On the Hunt for Candy
- Always walk with flashlights or glow sticks.
- Adult chaperones should accompany children at all times. Offer alternatives to tweens who are looking to venture out on their own, such as following behind them or taking out younger siblings separately.
- Walk in familiar neighborhoods or pre-plan where you will trick-or-treat. Make sure children know to call 911 if they get lost, or designate a place for children to meet if they are separated from the group.
- Always use designated street corners or crosswalks, where drivers will be on the lookout for children. Never dart out from behind parked vehicles.
- Respect property and homes in the neighborhood. Don’t run through yards, touch parked vehicles or tamper with decorations.
- Houses with lit-up front porches usually welcome trick-or-treaters. Those that are dark are probably not participating.
- Parents should inspect candy baskets for open packages or foods that are not commercially made.
- In Arizona, trick-or-treat night coincides with Halloween, Oct. 31, no matter what day of the week it falls on. Kids will be out and about beginning at sunset until around 8:30 p.m.
- Drive slowly through residential areas.

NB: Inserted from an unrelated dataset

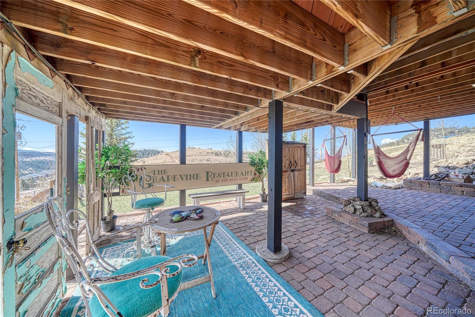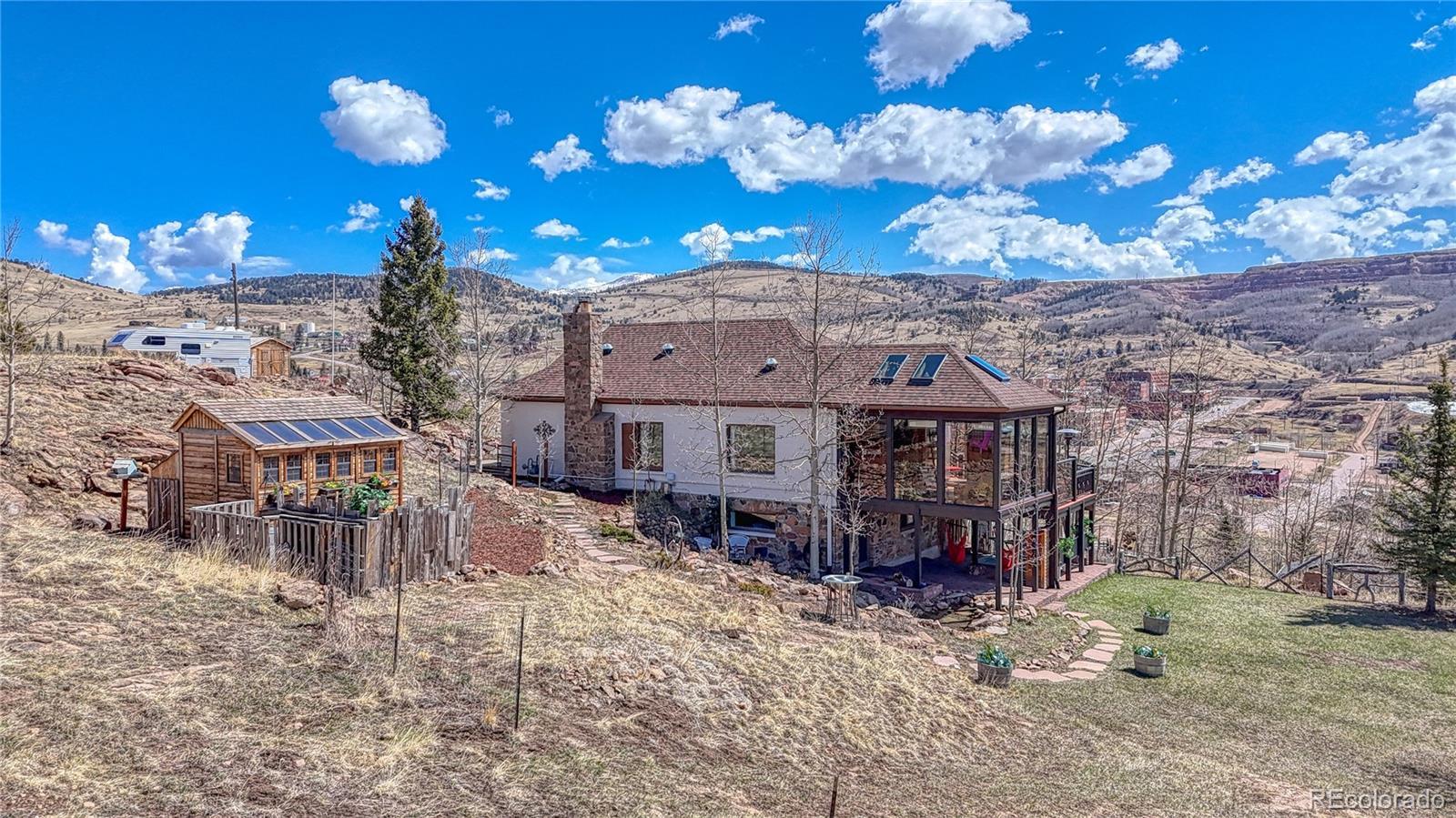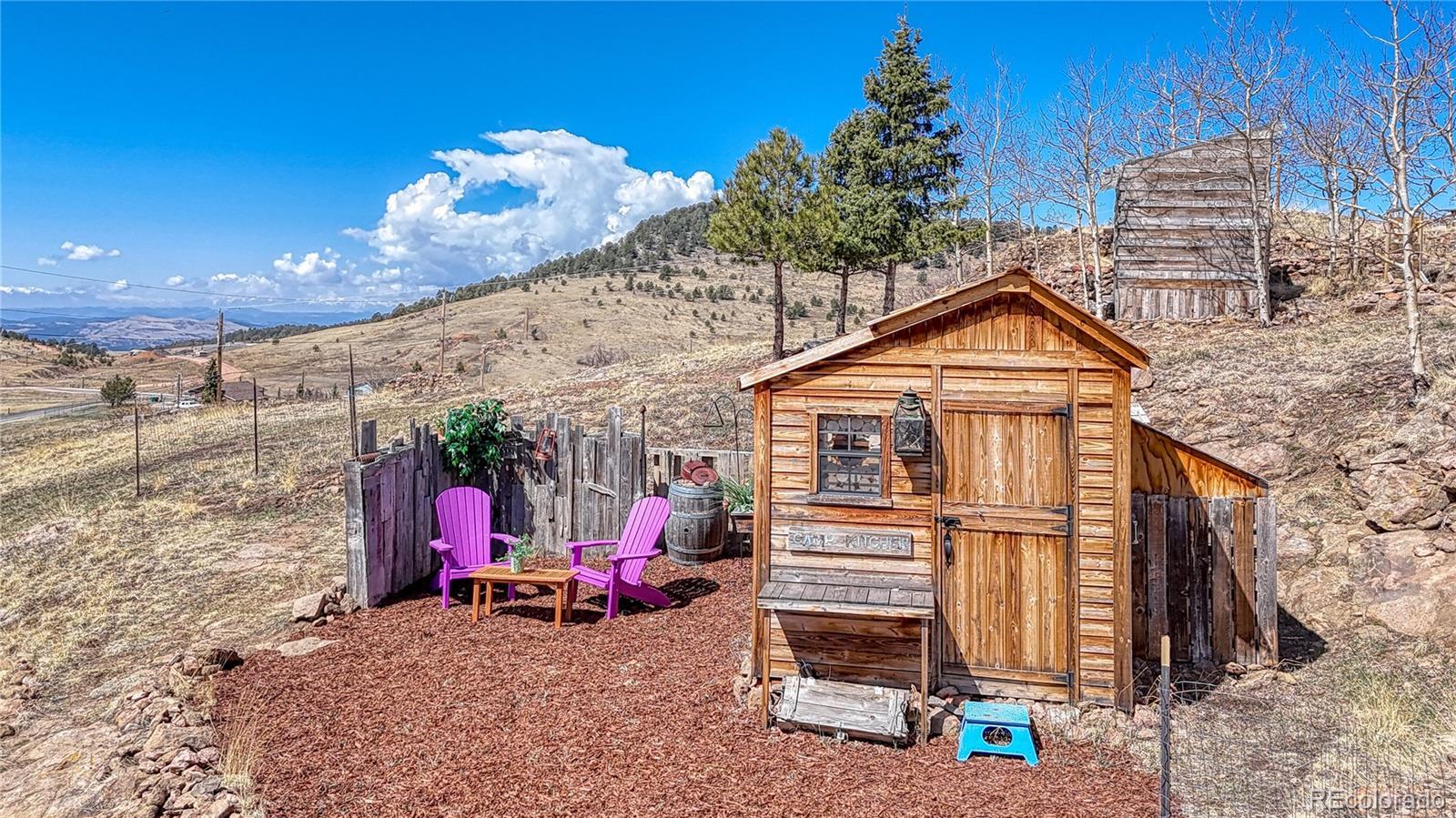 Historic Charm with Breathtaking Views! Perched atop a scenic hillside, this spacious 2,652 sq ft home captures unobstructed panoramic views of Pikes Peak, the Sangre de Cristo Mountains, and the charming town of Cripple Creek. This incredible offering includes 33 lots totaling 2.64 acres, most with R-2 zoning, without the burden of an HOA. This lovingly maintained home features separate entrances on both levels, ideal for multi-generational living or rental income. The main level showcases a beautifully upgraded kitchen with granite countertops, newer appliances, and abundant pantry storage, along with a main-level primary suite. Downstairs, you'll find a large bedroom with a kitchenette—perfect for guests or tenants. Historic character blends seamlessly with modern updates, including a new roof, gutters, skylights, and exterior paint completed in 2023, ensuring move-in-ready peace of mind. This home has been meticiously maintained. The cozy living room features a natural gas stone fireplace—perfect for chilly Colorado evenings. Outdoor living shines with a heated, covered deck designed for year-round entertaining, a relaxing hot tub, and a private outdoor sauna. The beautifully landscaped grounds include a lower patio, a fenced dog run, a waterfall pond, multiple outbuildings including a garden shed, and plenty of parking for an RV or boat. This property is connected to city services with plenty of space to add a future garage or shop. All of this, within walking distance to Cripple Creek's quaint shops, restaurants, and casinos, or you can hop on the free shuttle that picks up at the bottom of the private driveway. Whether you dream of a private mountain retreat, an income-producing property, or a flexible investment opportunity with room for future development, this hillside gem offers historic charm, modern amenities, and views that simply can't be replicated.

Most children will be traveling in groups, so be on the lookout.
- Back out of alleys or driveways with more caution than usual, as pedestrian traffic will be heavier.
- Pets: Keep animals, even if they’re friendly, indoors. They may frighten children or accidentally get loose.
- Open flames: Keep Jack o’ Lanterns safe by using battery-operated lights, rather than candles. Don’t set them near areas where children will be walking or congregating.
- Walkways: Remove any objects that might be in the way for trick-or-treaters coming to your door. Objects could include garden hoses, toys, bikes and lawn decorations. If you’re able to, light the path for easier navigation.
Halloween should be a night when a spooky scare is all in good fun. These simple guidelines can help ensure your Beggar’s Night is a safe one. Happy Halloween!